Newsday’s Shaun Powell visited the Mets and Yankees respective spring training camps this week, and upon noting the paucity of black faces on the field or in the stands, concludes “come Opening Day, there might be more blacks in the Rush Limbaugh fan club than on the field for both New York teams combined. ”
Last season, less than 4 percent of major-leaguers were black Americans.
Kenny Lofton was the only black player for the Dodgers, Robinson’s team, when the season opened.
Let’s not even try to cite statistics in the stands, where black faces are a novelty in some places and nonexistent in others.

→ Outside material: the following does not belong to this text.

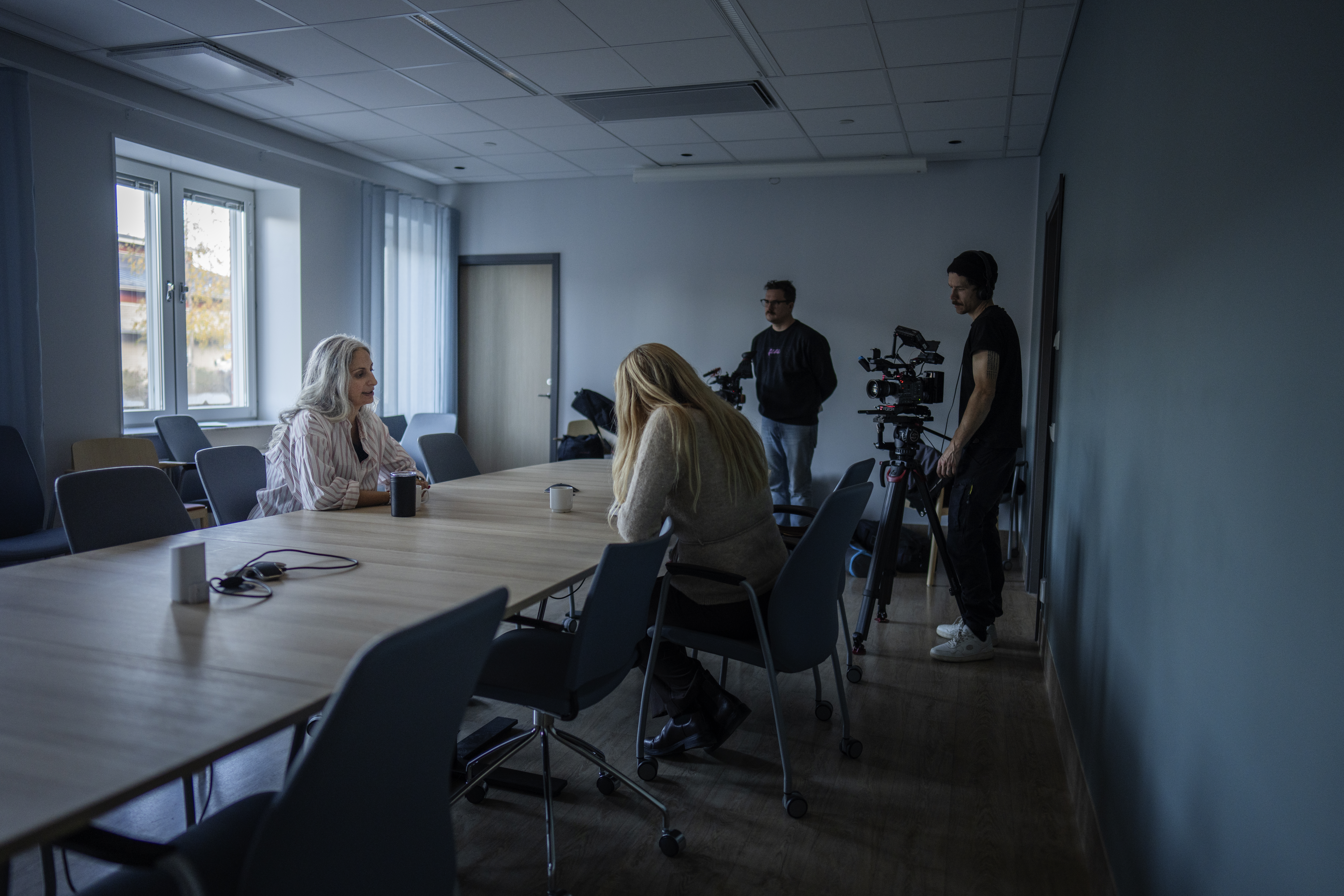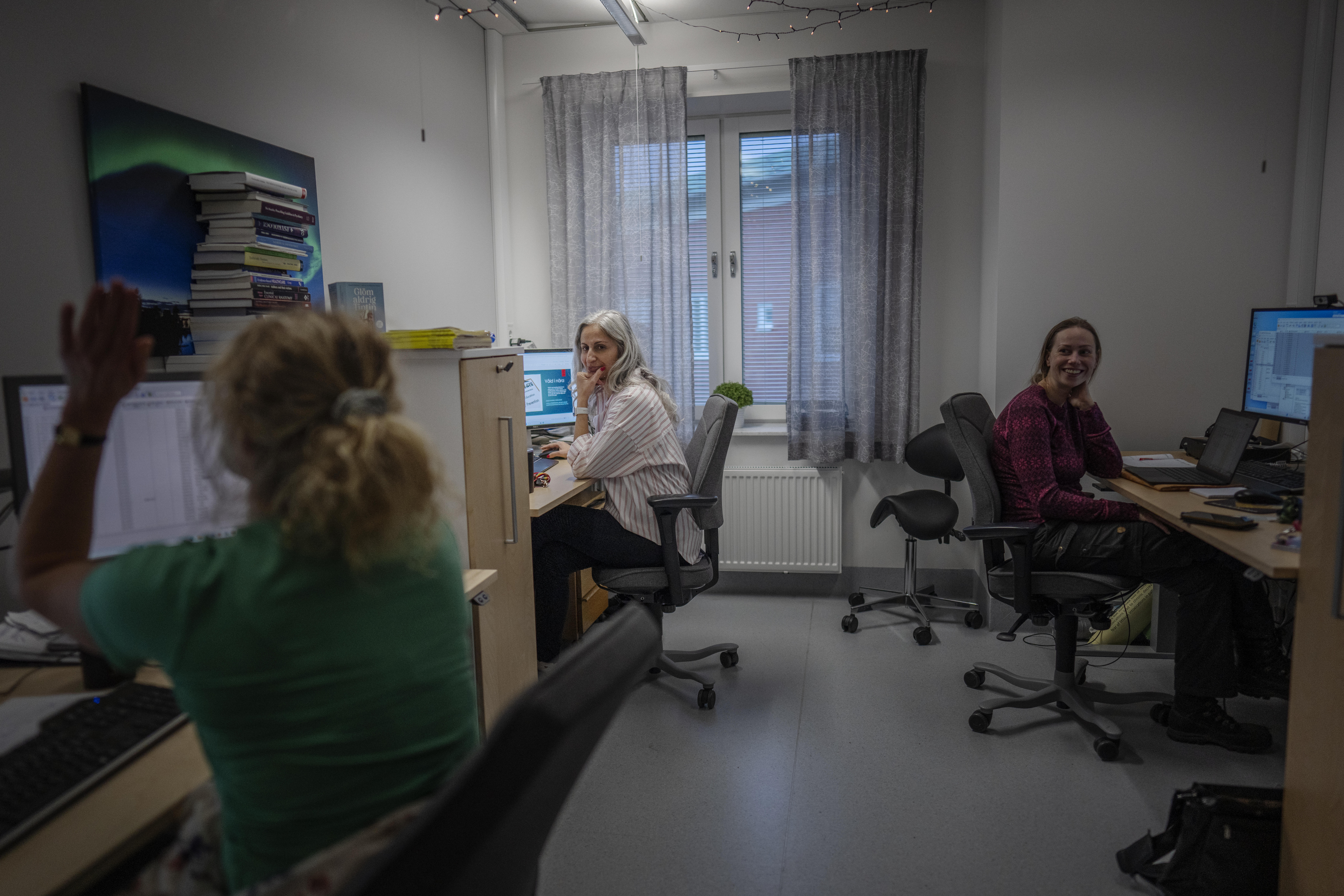Redan fyra månader efter mordet var Sanam Gharaee tillbaka på arbetsplatsen på 25 procent – ett sätt att sakta återfå rutinerna i tillvaron. Här sitter hon i forskarrummet tillsammans med sina båda läkarkollegor Louise och Ingrid.

“One thing I’ve definitely noticed,” said Kevin Thompson (above), who played 34 games for the Yankees in 2006, “is that the higher I go in baseball, the fewer blacks I see. I’ve just come to accept it. That’s just the way it is now.”
It will be rather awkward, therefore, when Major League Baseball tries to celebrate the 60-year anniversary of Robinson breaking the color barrier, knowing full well that Robinson no longer is a Pied Piper for black athletes.
In fact, every time the memory of Robinson is honored with a ceremony, there are more elderly black faces paying homage than young ones.
Mets general manager Omar Minaya places the blame squarely on the colleges, which don’t encourage the poor young black athlete to stick with baseball. Less than 12 scholarships are available per school in Division I, where full scholarships for baseball are rare.
“That’s the beginning and the end of the problem right there,” Minaya said. “How many scholarships are there for football? Forty or 50?”
Forty or 50 sounds like the projected number of black baseball players expected to take the field on Opening Day.
That’s fewer than two per team, or roughly what Robinson saw in his day.